LAUSR

Modular Multilevel Converter (MMC) bridge arm circulating current increases the MMC bridge arm current distortion and bridge arm current stress, whereas it also increases converter losses and capacitor voltage fluctuations. In this paper, based on the average value of the switching function of MMC, the mathematical relationship between the second harmonic component of the Bridge Arm Common-Mode Voltage (BACMV) and the Circulating Current Suppressing Controller (CCSC) is derived in the $d^{-2}q^{-2}$ rotating coordinate system. It proposed an MMC’s CCSC based on BACMV. The proposed controller consists of two PI controllers, namely the outer controller and the inner controller. The inner controller suppresses the common-mode voltage, and the outer controller eliminates the second harmonic component of the bridge arm common-mode voltage. The MMC-HVDC simulation model is established, and PI-CCSC, PR-CCSC, and BACMV-CCSC are used for comparative study. The results show that the overshoot of PR-CCSC is the largest and that of BACMV-CCSC is the smallest in response transient process. After entering the steady-state, the fluctuation of BACMV-CCSC is the smallest, whereas that of PI-CCSC and PR-CCSC is larger. The harmonic component of the secondary current of BACMV-CCSC is 0.08% and THD content is 0.39%, which is significantly lower than the other two suppression controllers.
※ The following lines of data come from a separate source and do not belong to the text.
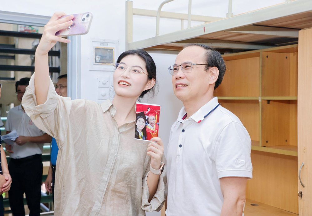 “校长,可以合个影吗?”在各学院迎新站点,不时有学生向校长“求合影”。邱学青欣然接受,与新生、工作人员合影交流。在环境科学与工程学院、机电工程学院、轻工化工学院等新生宿舍,邱学青与大家聊家常、谈发展,从德智体美劳五个方面介绍了广工人才培养特色与学生的获得感。他寄语新生:“大学是一个全新的舞台,你们要比以前更加努力,才能绽放夺目光彩。希望你们在广工学有所得、学有所成,努力成为德智体美劳全面发展的社会主义建设者和接班人。”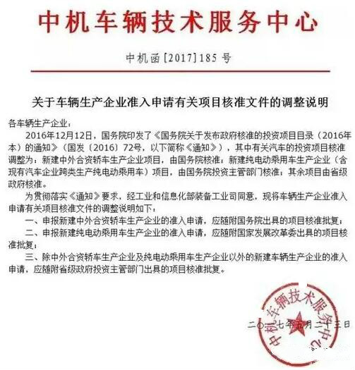 (東正轉(zhuǎn)載)關(guān)于車輛生產(chǎn)企業(yè)準(zhǔn)入申請(qǐng)有關(guān)事項(xiàng)核準(zhǔn)文件的調(diào)整說明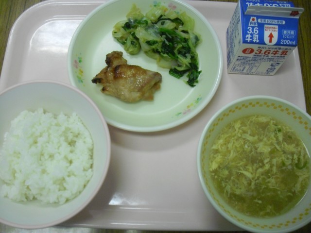 今日の給食 ご飯 牛乳 鶏肉の味噌焼き 辛子和え かき玉汁 いただきます。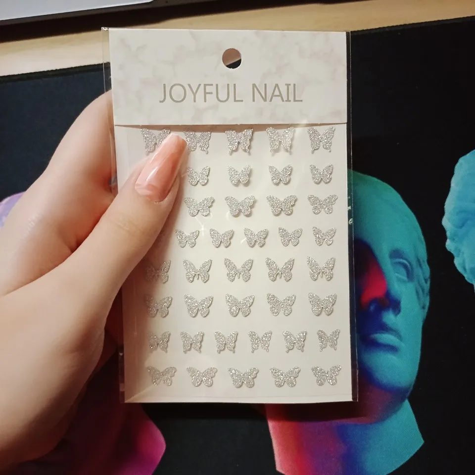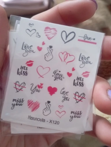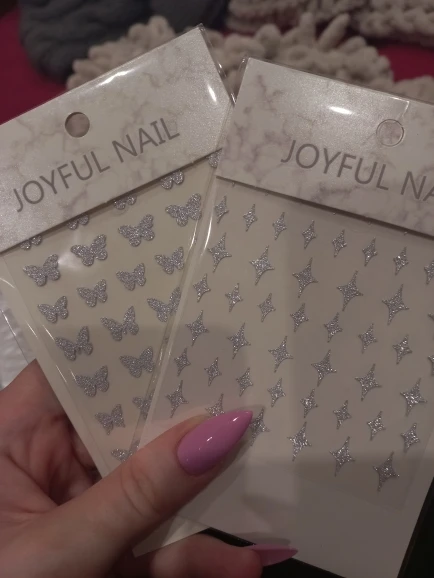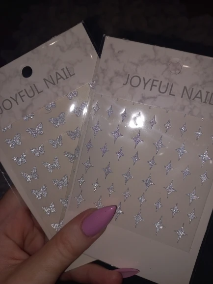 Блин очень прикольные наклейки, клеятся на ногти без труда, но вот отклеить от этикетки трудно без повреждений наклейки, она заворачивается и неправильно приделывается на ногти. Всего 10 рядов 6 из них большие, 4 маленьких. Большие повторяются. Если использовать экономно то надолго хватит, если клеить по 1-2 штуки на ноготь то на 3-5 применений хватит.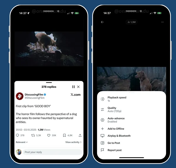 As you can see in this example, posted by app researcher Radu Oncescu, X has got a new design for the interaction display on videos within its dedicated video tab, which puts more focus on the playback controls at the bottom of the screen.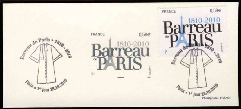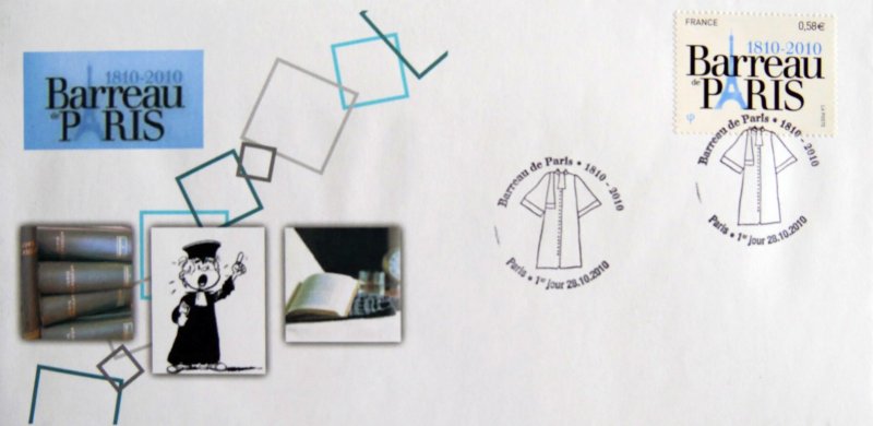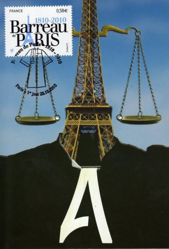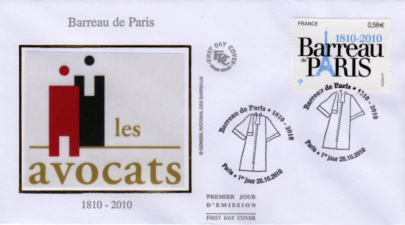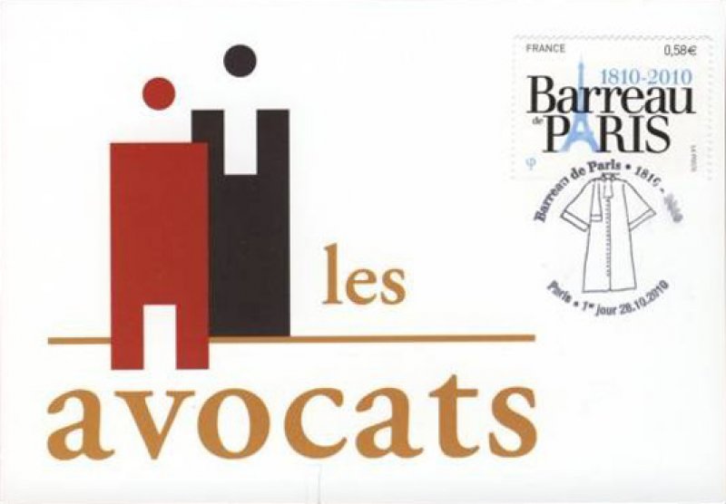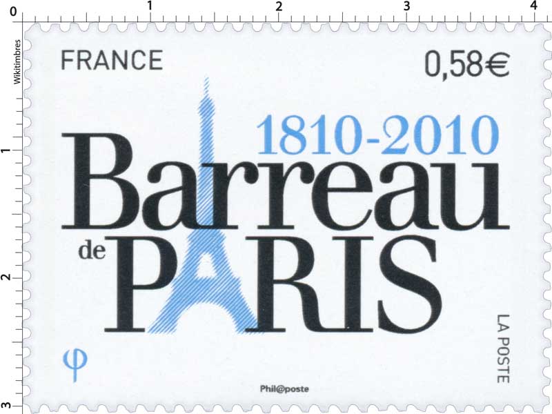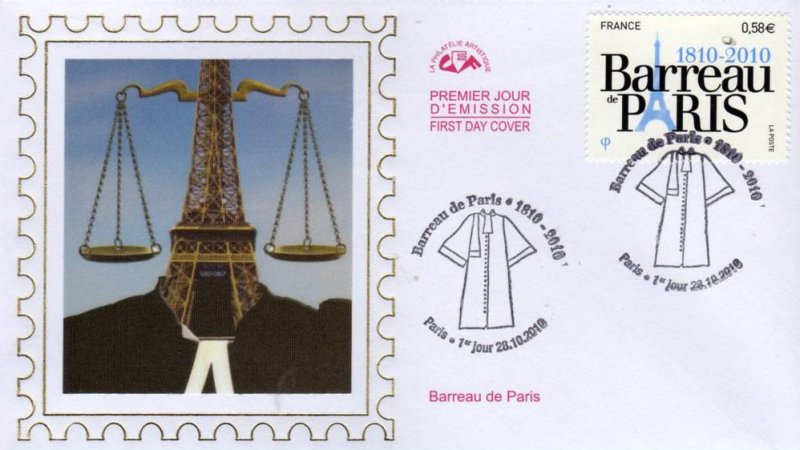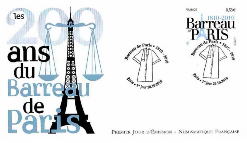 | Commentaire | Existe également en autoadhésif. La Poste émet un timbre commémorant le bicentenaire de la création du barreau de Paris. INFOS PRATIQUES PREMIER JOUR : 28 octobre 2010 Vente Anticipée : à Paris (Carré d’Encre) conçu par l’Atelier Thimonier |

When the load changes abruptly, compared with the dynamic simulation, BACMV-CCSC has a smaller overshoot in the transient response process and has less disturbance after reaching the steady-state, which improves the steady-state performance of the system and the circulating current suppression controller effect, and provides a new idea about MMC circulating current suppression controller.